Вячеслав Кондратьев предваряет свой рассказ так: «Всем павшим подо Ржевом - живым и мертвым посвящена эта повесть». Насколько она автобиографична? Наверное, это неважно. Судьба автора во многом сходна с судьбой его героя, с судьбой его боевых товарищей. Насколько важна правда факта, документальность в произведении? Главное, как писал Виктор Некрасов, даже не «так было», а «не могло быть не так».
Автор сразу вводит читателя в повествование, без всяких предварительных слов: «К вечеру, как отстрелялся немец, пришло время заступать Сашке на ночной пост». Он не называет бойца по фамилии, не называет его звания, герой - просто Сашка.
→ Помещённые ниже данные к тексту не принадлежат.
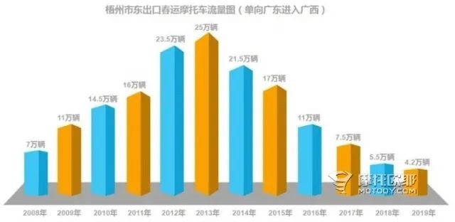 在这种氛围的影响下,骑摩托车返乡的人数一年比一年多,2013年就有25万台摩托车从广东单向进入广西,大家都以为2014年摩托车返乡人数会再创辉煌,可实际情况却是摩托车返乡人数自2013年后便逐步减少……到了2019年,从广东到广西的摩托车返乡大军整整减少了20万辆车。

Повествование ведется, кажется, от лица автора, но в то же время создается впечатление, что рассказывает сам герой. Этому способствует и стиль рассказа — простой, разговорный, и инверсии, характерные для разговорной речи: «У края рощи прилеплен был к ели редкий шалашик для отдыха, а рядом наложено лапнику густо...», и просторечия: «середка», «побоязничали», «прогляд», «подремливали», «никудышный», «свербит» и т. д.
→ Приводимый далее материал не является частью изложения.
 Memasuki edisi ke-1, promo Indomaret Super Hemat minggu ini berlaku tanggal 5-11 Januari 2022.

В первом эпизоде мы видим Сашку, когда он задумывает достать валенки с мертвого немца для своего ротного. Речь идет не о боеприпасах, не о боевой задаче — о валенках, это жизненно важно. Вообще «жизнь такая — откладывать ничего нельзя».
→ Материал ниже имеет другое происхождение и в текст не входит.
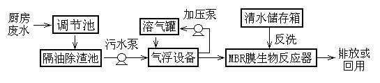 餐飲污水管網收集后進入污水處理系統,首先經格柵除去粗大的懸浮物,自流進入隔油池,除去餐飲污水中的動植物油脂,出水自流進入調節池調節水質水量,經污水泵提升進入一體化污水處理設備。餐飲污水首先經過水解酸化池,在厭氧菌的作用下,把大分子有機物轉化為小分子有機物,降低后續處理的負荷,提高處理效率;出水自流進入接觸氧化池,在好氧菌的作用下,把有機污染物轉化為低能位的無機物穩定下來,出水自流進入沉淀池,在沉淀池中進行泥水分離,使其達標排放。污泥沉淀后部分污泥回流至一體化設備內,剩余污泥由污泥泵打入污泥池,脫水干化后形成泥餅外運。

Вот как изображается война.
«А ночь плыла над передовой, как обычно... Вплескивались ракеты в небо, рассыпались там голубоватым светом, а потом с шипом, уже погасшие, шли вниз к развороченной снарядами и минами земле... Порой небо прорезывалось трассирующими, порой тишину взрывали пулеметные очереди или отдаленная артиллерийская канонада... Как обычно...» Дважды повторяется «как обычно», хотя речь идет о страшных вещах. «Привык уже Сашка к этому, обтерпелся и понял, что непохожа война на то, что представлялось им на Дальнем Востоке...» Война оставляет следы разрушения и смерти: «Деревни, которые они брали, стояли будто мертвые... Только летели оттуда стаи противно воющих мин, шелестящих снарядов и тянулись нити трассирующих. Из живого видели они лишь танки...» Странное сочетание — «живые танки».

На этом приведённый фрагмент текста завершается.